Imagine reading a book in the car on a family road trip and then boom, you’re reading something unexpectedly vulgar in front of your parents.
TikTok’s “BookTok” is heavily influencing users to read books popularized by the app. By liking one video related to books, hundreds more follow after. Authors such as Colleen Hoover are gaining attention through this. Not all of it is great.
When I read Hoover’s “It Ends With Us” in 2021, I did so without prior knowledge of the book. I had seen it so much on TikTok that I assumed that it would be some groundbreaking piece of writing when in reality I could have found something better on Wattpad.
This summer, I decided to test out BookTok and read 18 books that I had seen on my “for you page” that readers had been raving about. These books fell into three tiers: deserves the hype, not as good as anticipated and shouldn’t be recommended.
Emily Henry’s “Happy Place” falls into that top tier of books that deserve the hype. It lives up to her other best-sellers like “Book Lovers” and “Beach Read.” The story follows a couple, well a recently broken up couple, on their annual summer vacation with their friends of over a decade. Henry’s storytelling capabilities exceed expectations without the story becoming repetitive or corny.
Taylor Jenkins Reid’s “The 7 Husbands of Evelyn Hugo,” is another highly recommended book that met my expectations. Reid enjoys taking a journalistic aspect in writing as she tells the story of a young journalist writing a book on one of the most famous actresses of the century. Reid is the perfect example of a talented author that doesn’t make their work confusing to read.
The middle tier is an iffy area. It holds books that weren’t awful, but received more hype than deserved. One of these is Dolly Alderton’s “Everything I Know About Love.”

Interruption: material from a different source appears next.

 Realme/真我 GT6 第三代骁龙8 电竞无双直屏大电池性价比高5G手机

The memoir follows Alderton through girlhood and touches on the importance of her relationships with the women in her life. While I did enjoy the read, I kept waiting for something revolutionary to appear. It never did.

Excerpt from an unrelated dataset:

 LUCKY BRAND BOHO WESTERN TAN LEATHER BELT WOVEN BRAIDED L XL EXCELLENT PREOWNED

The reason I’m not ranking Lucy Score’s “Things We Never Got Over” as low as I should is because I didn’t hate the story, but I disliked the writing. There were more than a handful of times where I had to close the book out of embarrassment of what Score was writing. The only reason I didn’t quit reading was because I had faith that it would get better.
Elissa Sussman’s “Funny You Should Ask” was one of the first books I read this summer and was the first to disappoint and find its place on the bottom tier. The bright pink and red cover is enticing but the rest of the book lacks a solid plot and the storyline generally uninteresting.
“I bought the second one so I am forcing myself to finish the first one,” sophomore Chloe Richmond said on “Funny You Should Ask.” “I’ve only been able to make it 40 pages in without having to stop reading.”
Now on the bottom is Hoover’s “Ugly Love.” This book was recommended on TikTok, so I thought it was worth the shot. Not only was I disappointed by the read, I was shocked by the amount of younger children reading it as it is not PG.
Sophomore Elina Vangelatos said she doesn’t even give thought to the books recommended by BookTok because she has been constantly disappointed. She is currently reading Jeffrey Eugenide’s “The Virgin Suicides.”
Book reviews are subjective and don’t let low ratings steer you away from reading a book you have been dreaming about. Just be wary of the books that TikTok is sending your way.